- [Work item]:
Leaving all pictures out, output exactly and only the line containing "Die wichtigsten Maße" and the lines that follow it to the end of the material below.

START Supplied data

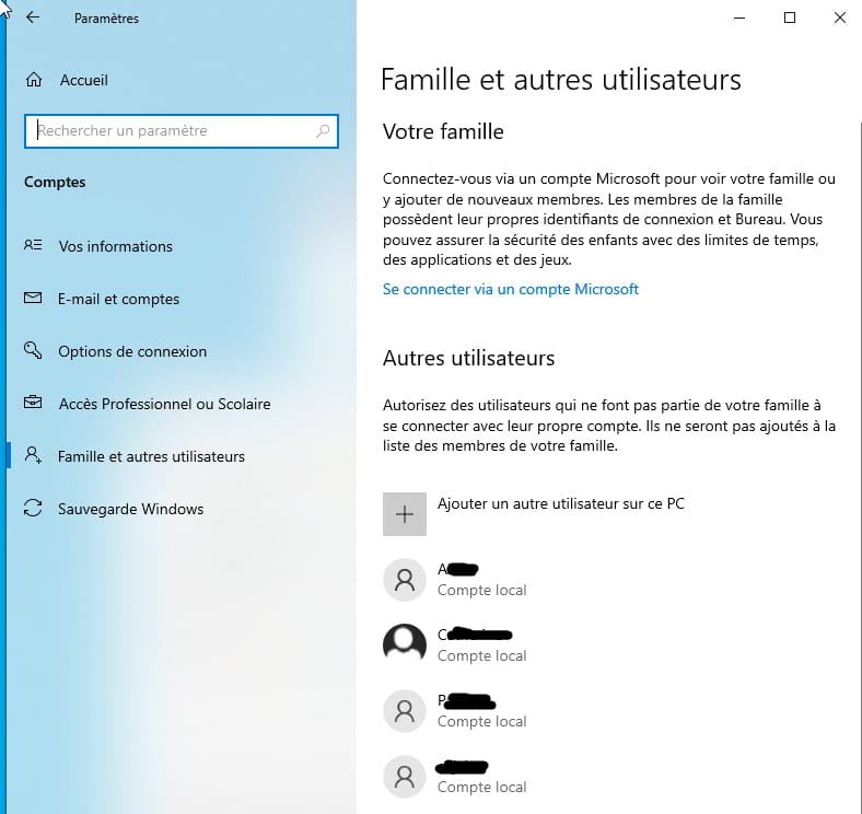 depuis ce matin seul le compte administrateur est disponible au login. dans Paramètres / Famille et autres utilisateurs je peux voir les autres utilisateur
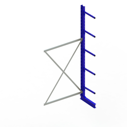 Die wichtigsten Maße des META Kragarmregals Multistrong light auf einen Blick:Nutzung einseitig - zur Aufstellung an der Wand konzipiert. 6 Lagerebenen. Traglast je Arm 175 kg. Fachhöhen je nach Einsatzzweck und Ihrem Bedarf im Raster von 100 mm verstellbar. Nutztiefe 500 mm. Konstruktion aus Stahl. Ständer in RAL5010 Enzianblau. Kragarme in RAL5010 Enzianblau.
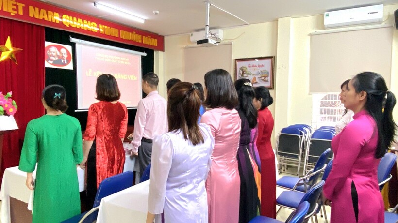 Dưới cờ Tổ Quốc và chân dung Chủ tịch Hồ Chí Minh vĩ đại, đồng chí đảng viên mới đã thực hiện nghi thức tuyên thệ thể hiện quyết tâm thực hiện tốt Điều lệ Đảng, kiên định với đường lối, lí tưởng của Đảng và phấn đấu, rèn luyện, trau dồi phẩm chất, năng lực để trở thành người đảng viên gương mẫu, góp phần xây dựng chi bộ ngày càng vững mạnh, nhà trường ngày càng phát triển

END Supplied data

- [Result below]:
 Die wichtigsten Maße des META Kragarmregals Multistrong light auf einen Blick:Nutzung einseitig - zur Aufstellung an der Wand konzipiert. 6 Lagerebenen. Traglast je Arm 175 kg. Fachhöhen je nach Einsatzzweck und Ihrem Bedarf im Raster von 100 mm verstellbar. Nutztiefe 500 mm. Konstruktion aus Stahl. Ständer in RAL5010 Enzianblau. Kragarme in RAL5010 Enzianblau.
 Dưới cờ Tổ Quốc và chân dung Chủ tịch Hồ Chí Minh vĩ đại, đồng chí đảng viên mới đã thực hiện nghi thức tuyên thệ thể hiện quyết tâm thực hiện tốt Điều lệ Đảng, kiên định với đường lối, lí tưởng của Đảng và phấn đấu, rèn luyện, trau dồi phẩm chất, năng lực để trở thành người đảng viên gương mẫu, góp phần xây dựng chi bộ ngày càng vững mạnh, nhà trường ngày càng phát triển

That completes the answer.